I've found that using generators can often be slower than generating the whole list, which is a little counter-intuitive. I've managed to fix performance bottlenecks just by adding a [] pair.

For example compare these:

$ python -m timeit -n 1000 "' '.join(c for c in 'hello world')"
1000 loops, best of 3: 6.11 usec per loop
$ python -m timeit -n 1000 "' '.join([c for c in 'hello world'])"
1000 loops, best of 3: 3.79 usec per loop

It's almost twice as quick to generate the whole list first rather than use a generator even for such a simple case!

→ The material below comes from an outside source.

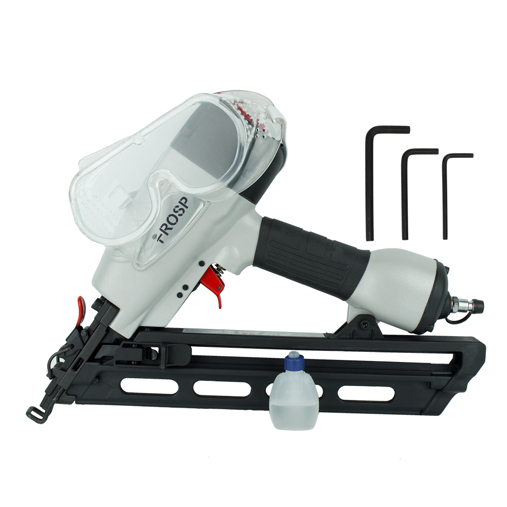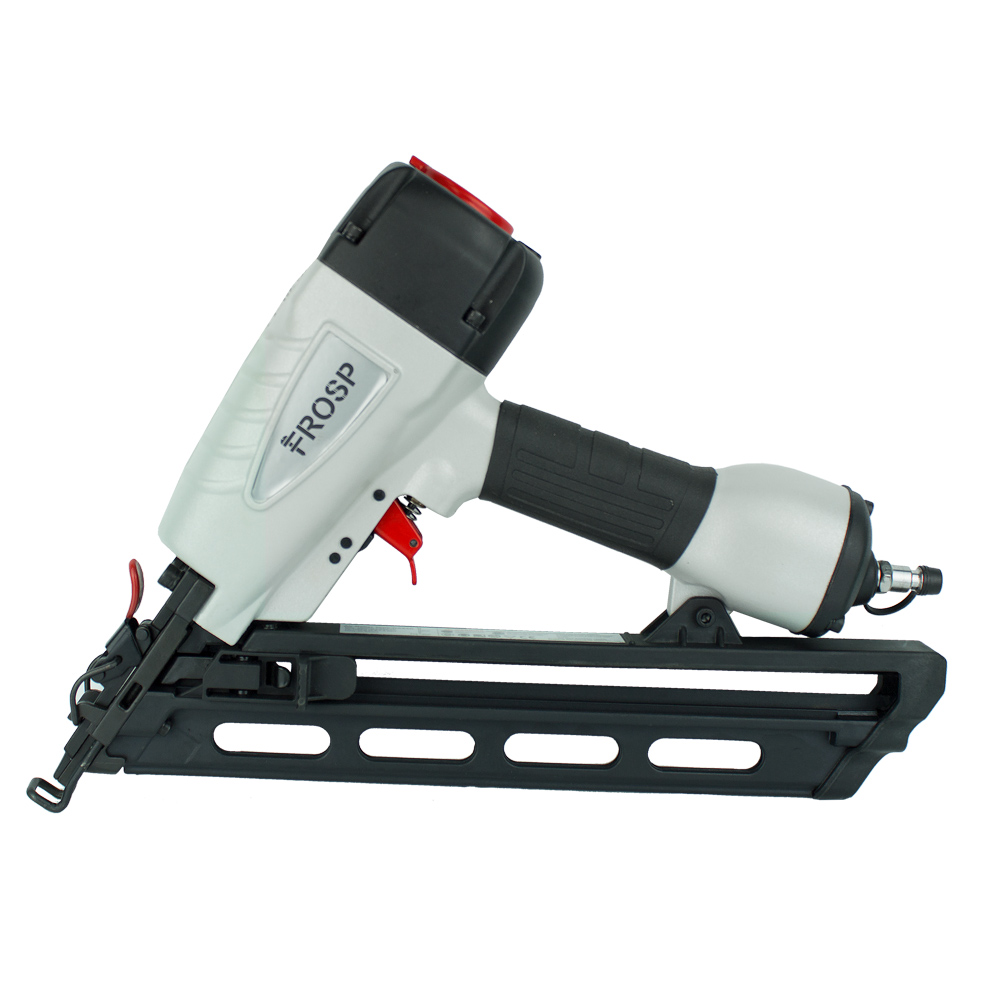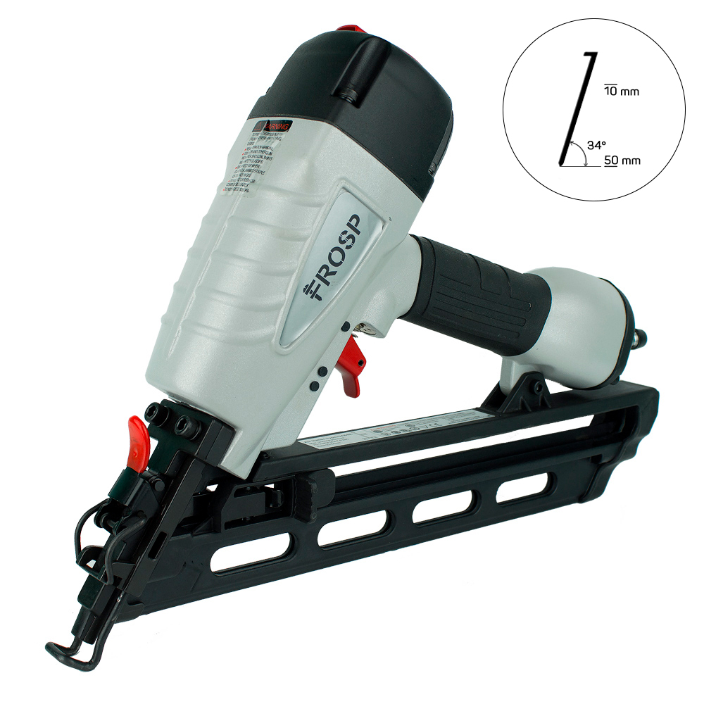 FROSP-6434 – реечный гвоздезабивной пистолет. Предназначен для ремонта и изготовления деревянных конструкций. Применяется для строительства, настила полов, создании мебели, каркасов, паллет, подиумов. Бьёт гвоздь длинной 32-64 мм, диаметром 1,8 мм с ёмкостью магазина — 100 гвоздей.

Edit: As Thomas Wouters points out in the comments the reason the generator is slower here is because it's such a simple case. For balance here is his test in which the generator is the clear winner:

$ python -m timeit -s "s = 'hello world' * 10000" -s "class C: pass" "for i in (C() for c in s): pass"
10 loops, best of 3: 33.6 msec per loop
$ python -m timeit -s "s = 'hello world' * 10000" -s "class C: pass" "for i in [C() for c in s]: pass"
10 loops, best of 3: 172 msec per loop
Scott Griffiths
Yes, a generator has to do a tiny bit of extra work for each element than creating a list and then iterating would. However, whether that is enough to notice depends greatly on how well the full list fits in memory (which is not easy to see just by looking at the code.) In your example, the list is tiny, creating the full list will be fast, and you're really only measuring the speed of the iteration (you don't spend time anywhere else.) Try it with, say, `python -m timeit -s "s = 'hello world' * 10000" "' '.join(c for c in s)` instead and you'll see the generator can be quite faster.
Thomas Wouters
@Thomas: Good points, but I still get the generator being slower for your example (11 ms vs. 8 ms), and increasing the string length further doesn't change this.
Scott Griffiths
Although you may want to change the loop to `c for c in s if 0` to reduce the noise of creating the result string :)
Thomas Wouters
Yeah, I forgot about the optimizations involved here, especially string interning. The difference won't be easily noticeable with this minimal amount of work; you need to grow the list *itself* to beyond what fits into memory, the strings don't take up any extra memory. Using something other than a string may also show a better difference.
Thomas Wouters
Here's a version that shows the difference when not just caching strings: http://paste.pocoo.org/show/273935/
Thomas Wouters